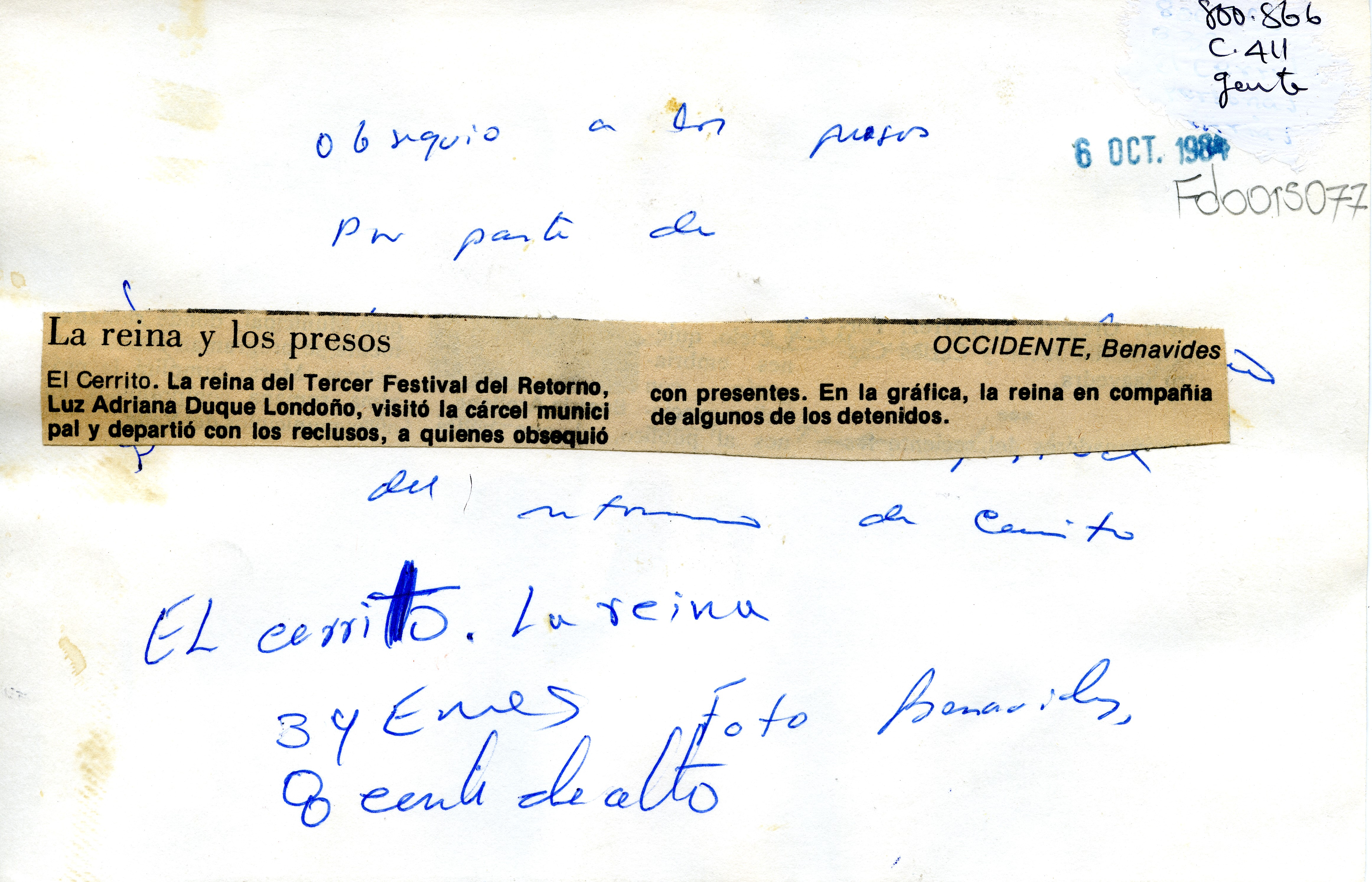 Luz Adriana Duque Londoño, Reina del Tercer Festival del Retorno, junto a reclusos de la cárcel de El Cerrito. Al reverso de la fotografía se anexa un recorte:" La reina y los presos. El Cerrito. La reina del Tercer Festival del Retorno, Luz Adriana Duque Londoño, visitó la cárcel municipal y departió con los reclusos, a quienes obsequió con presentes. En la gráfica, la reina en compañía de algunos de los detenidos."
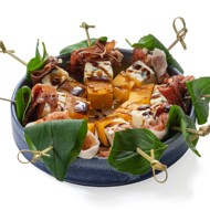 Serve the canapés with persimmon and prosciutto at the festive table.
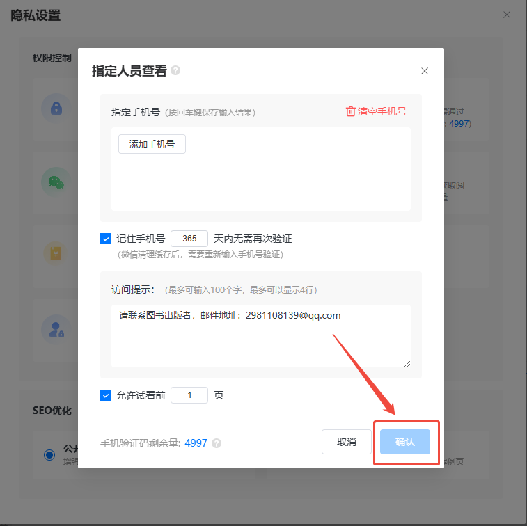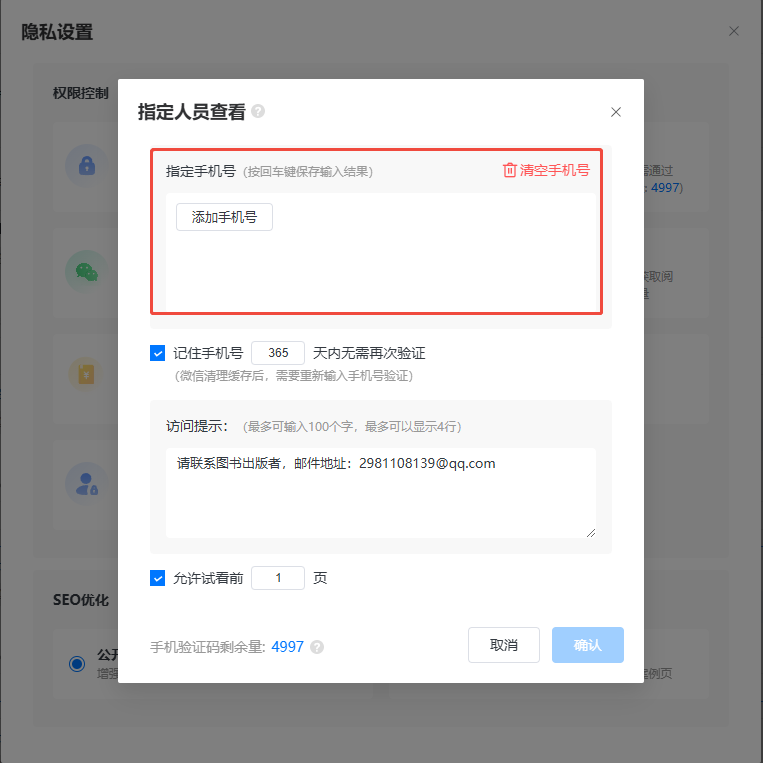 如果你想允許讀者看幾頁之后再要求輸入手機(jī)號驗(yàn)證,可設(shè)置一下允許查看幾頁。
========================
Every line from the one bearing "Serve the canapés" through the end of the data above must be output exactly, and no picture may appear.

 Serve the canapés with persimmon and prosciutto at the festive table.
 如果你想允許讀者看幾頁之后再要求輸入手機(jī)號驗(yàn)證,可設(shè)置一下允許查看幾頁。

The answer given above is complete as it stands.